_Information supplied_.

※ ※ ※

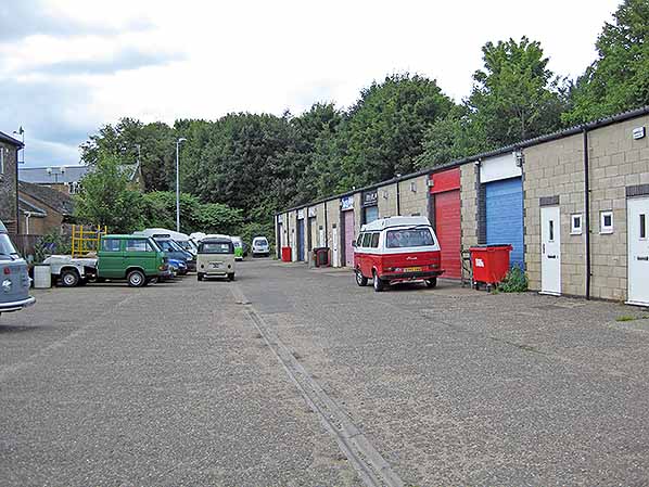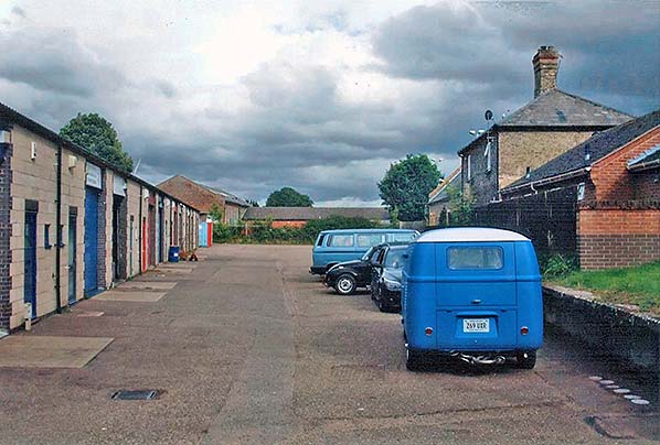 Photo by Nick Catford ![]() Looking east along the trackbed at Swaffham station in 2008. The former trackbed is now a car park for the industrial units seen on the left.
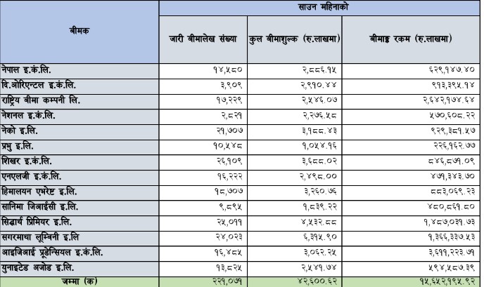 बीमा प्राधिकरणको तथ्यांक अनुसार हिमालयन एभरेष्टले ३२ करोड ६० लाख, नेको इन्स्योरेन्सले ३१ करोड ८८ लाख रुपैयाँ,आइजिआई प्रुडेन्सियलले ३० करोड ६२ लाख, ओरिएण्टल इन्स्योरेन्सले २९ करोड १० लाख,नेपाल इन्स्योरेन्सले २८ करोड ८६ लाख, सरकारी स्वामित्वमा रहेको कम्पनी राष्ट्रिय बीमा कम्पनीले २५ करोड ४६ लाख रुपैयाँ कुल बीमाशुल्क आर्जन गर्न सफm भएका छन् ।
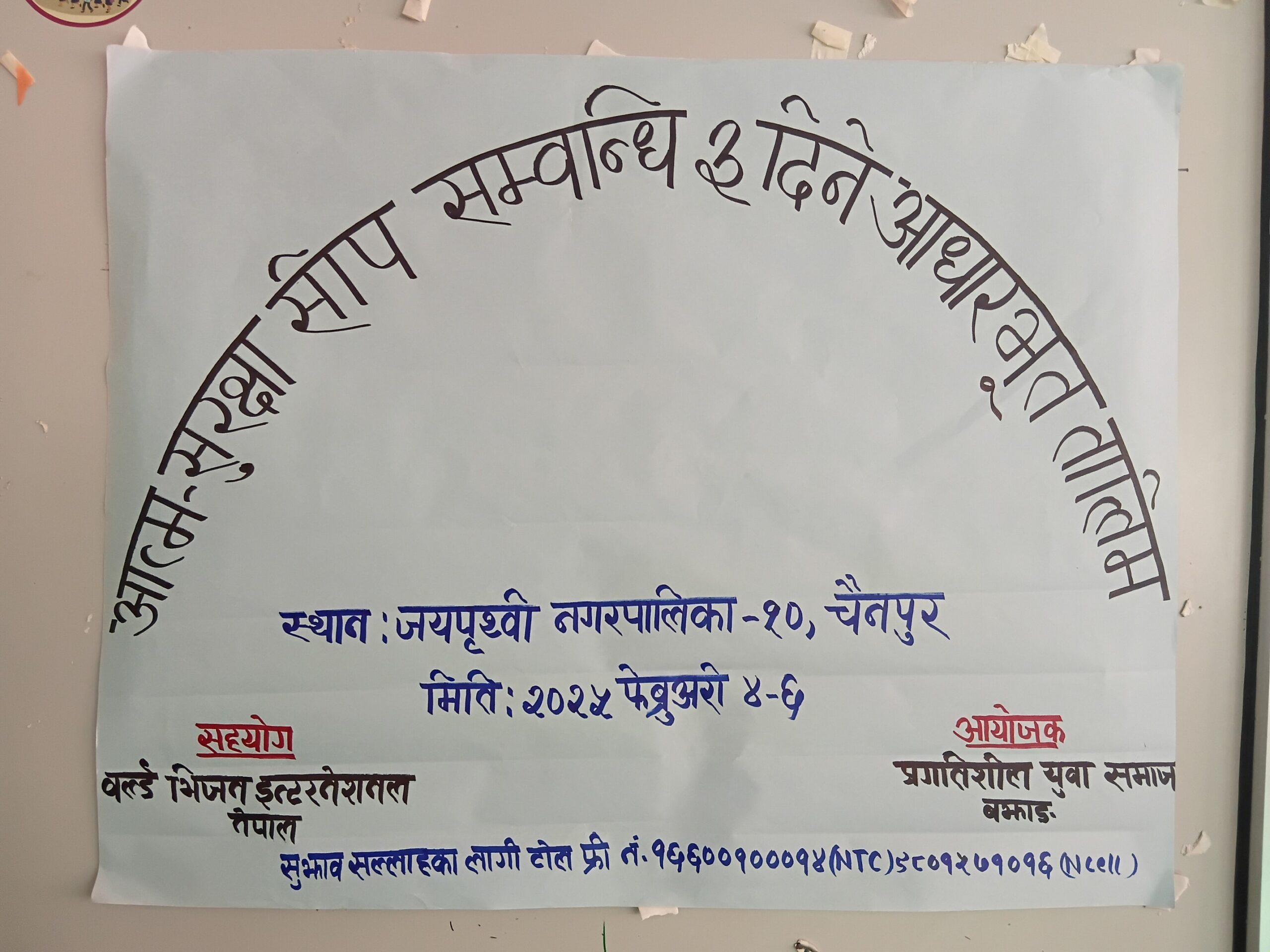 जयपृथ्वी नगरपालिका-१० चैनपुरमा तीन दिने आधारभूत आत्मरक्षा तालिम सम्पन्न भएको छ । प्रगतिशील युवा समाजको आयोजनामा तथा वर्ल्ड भिजन इन्टरनेशनल नेपालको सहयोगमा सञ्चालन भएको उक्त तालिममा जयपृथ्वी नगरपालिका र केदारस्युँ गाउँपालिकाका सहभागी साथी शिक्षकलाई आत्मरक्षा सम्बन्धी सीप प्रदान गरिएको थियो ।

※ ※ ※

The result should be the full material above, word for word, with its pictures omitted.

_Final answer_.
 Photo by Nick Catford ![]() Looking east along the trackbed at Swaffham station in 2008. The former trackbed is now a car park for the industrial units seen on the left.
 बीमा प्राधिकरणको तथ्यांक अनुसार हिमालयन एभरेष्टले ३२ करोड ६० लाख, नेको इन्स्योरेन्सले ३१ करोड ८८ लाख रुपैयाँ,आइजिआई प्रुडेन्सियलले ३० करोड ६२ लाख, ओरिएण्टल इन्स्योरेन्सले २९ करोड १० लाख,नेपाल इन्स्योरेन्सले २८ करोड ८६ लाख, सरकारी स्वामित्वमा रहेको कम्पनी राष्ट्रिय बीमा कम्पनीले २५ करोड ४६ लाख रुपैयाँ कुल बीमाशुल्क आर्जन गर्न सफm भएका छन् ।
 जयपृथ्वी नगरपालिका-१० चैनपुरमा तीन दिने आधारभूत आत्मरक्षा तालिम सम्पन्न भएको छ । प्रगतिशील युवा समाजको आयोजनामा तथा वर्ल्ड भिजन इन्टरनेशनल नेपालको सहयोगमा सञ्चालन भएको उक्त तालिममा जयपृथ्वी नगरपालिका र केदारस्युँ गाउँपालिकाका सहभागी साथी शिक्षकलाई आत्मरक्षा सम्बन्धी सीप प्रदान गरिएको थियो ।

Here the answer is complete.